Exercise -> Only one stretch of the data below is wanted: the lines starting at the one with "A través de" and ending at the one with "1年生の時に育てたあさがおさ", both included, given again exactly.

Supplied information ->

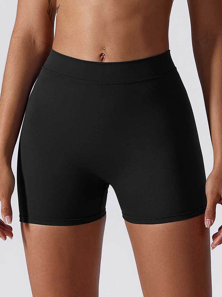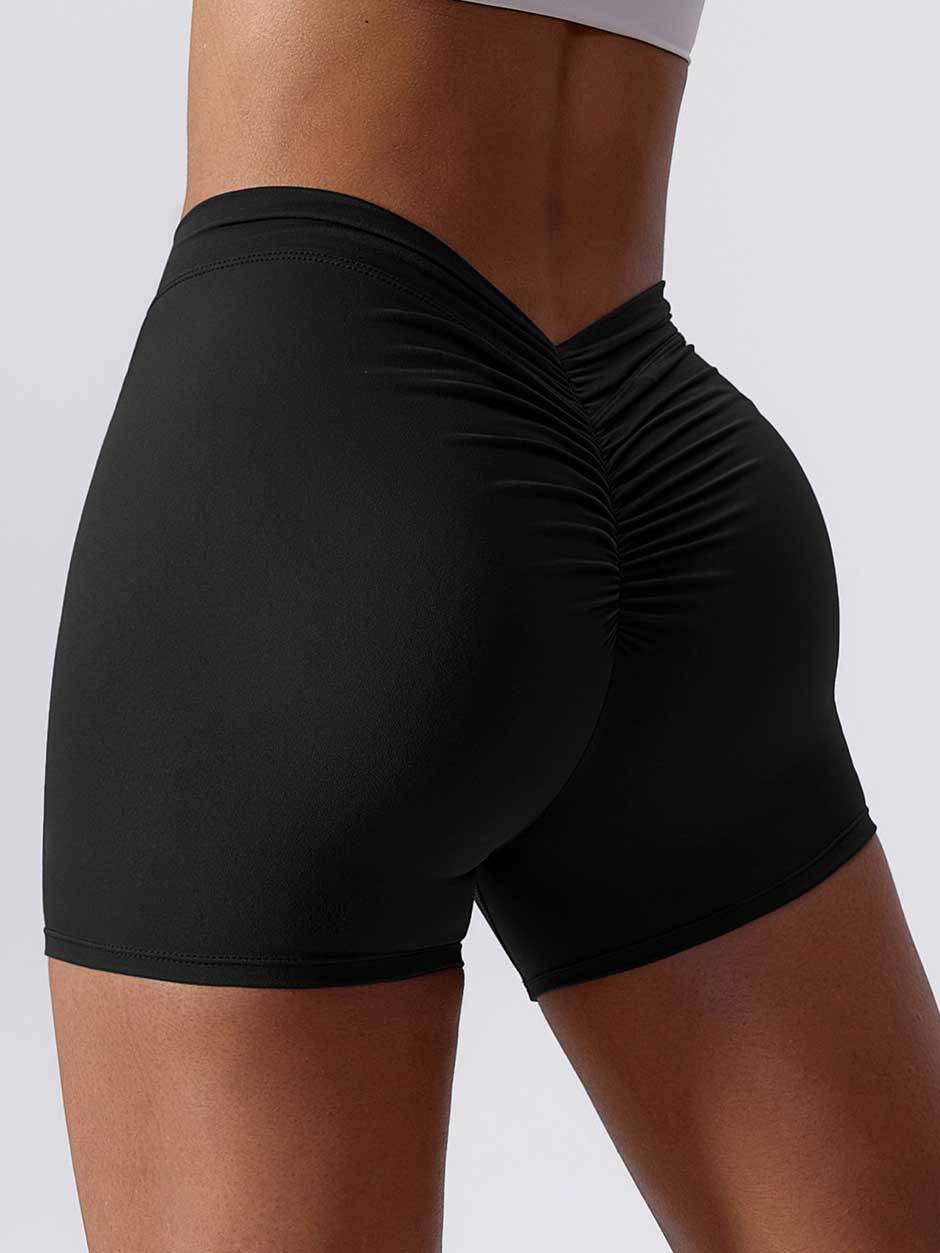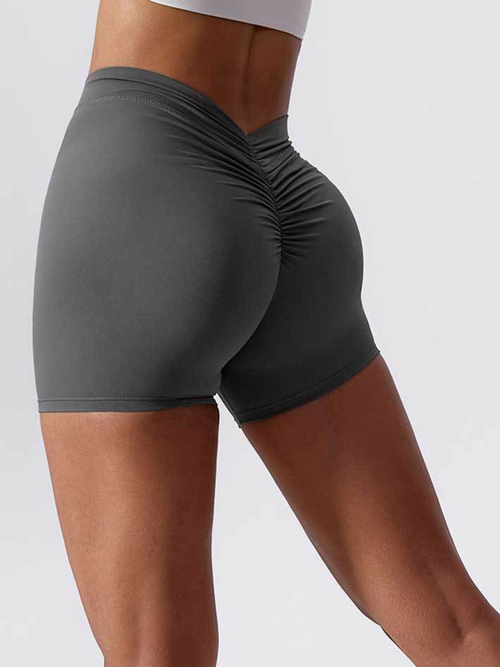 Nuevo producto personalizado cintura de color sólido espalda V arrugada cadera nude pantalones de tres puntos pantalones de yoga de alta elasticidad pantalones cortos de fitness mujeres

==

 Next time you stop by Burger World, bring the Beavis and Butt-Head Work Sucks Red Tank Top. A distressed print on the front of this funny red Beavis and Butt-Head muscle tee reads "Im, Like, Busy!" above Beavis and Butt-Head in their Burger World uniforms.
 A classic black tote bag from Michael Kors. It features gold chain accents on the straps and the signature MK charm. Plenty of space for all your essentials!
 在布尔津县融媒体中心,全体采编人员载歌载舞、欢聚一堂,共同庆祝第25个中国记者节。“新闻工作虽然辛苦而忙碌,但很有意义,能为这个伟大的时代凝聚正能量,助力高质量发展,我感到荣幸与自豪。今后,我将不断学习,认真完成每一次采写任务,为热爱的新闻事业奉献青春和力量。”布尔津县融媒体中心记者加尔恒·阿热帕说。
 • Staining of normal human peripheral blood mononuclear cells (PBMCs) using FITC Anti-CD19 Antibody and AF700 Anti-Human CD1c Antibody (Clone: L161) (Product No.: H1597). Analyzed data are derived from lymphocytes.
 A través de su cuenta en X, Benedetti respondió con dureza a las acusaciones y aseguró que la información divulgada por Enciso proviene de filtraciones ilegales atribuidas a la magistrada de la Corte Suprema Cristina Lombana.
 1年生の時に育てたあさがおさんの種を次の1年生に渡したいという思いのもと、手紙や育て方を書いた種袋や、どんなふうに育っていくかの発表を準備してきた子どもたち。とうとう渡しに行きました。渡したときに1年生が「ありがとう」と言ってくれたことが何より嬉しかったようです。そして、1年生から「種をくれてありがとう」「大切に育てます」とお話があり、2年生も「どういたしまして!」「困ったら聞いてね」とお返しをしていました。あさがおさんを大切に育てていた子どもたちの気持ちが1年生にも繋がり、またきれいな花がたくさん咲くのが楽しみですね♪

Written response ->
 A través de su cuenta en X, Benedetti respondió con dureza a las acusaciones y aseguró que la información divulgada por Enciso proviene de filtraciones ilegales atribuidas a la magistrada de la Corte Suprema Cristina Lombana.
 1年生の時に育てたあさがおさんの種を次の1年生に渡したいという思いのもと、手紙や育て方を書いた種袋や、どんなふうに育っていくかの発表を準備してきた子どもたち。とうとう渡しに行きました。渡したときに1年生が「ありがとう」と言ってくれたことが何より嬉しかったようです。そして、1年生から「種をくれてありがとう」「大切に育てます」とお話があり、2年生も「どういたしまして!」「困ったら聞いてね」とお返しをしていました。あさがおさんを大切に育てていた子どもたちの気持ちが1年生にも繋がり、またきれいな花がたくさん咲くのが楽しみですね♪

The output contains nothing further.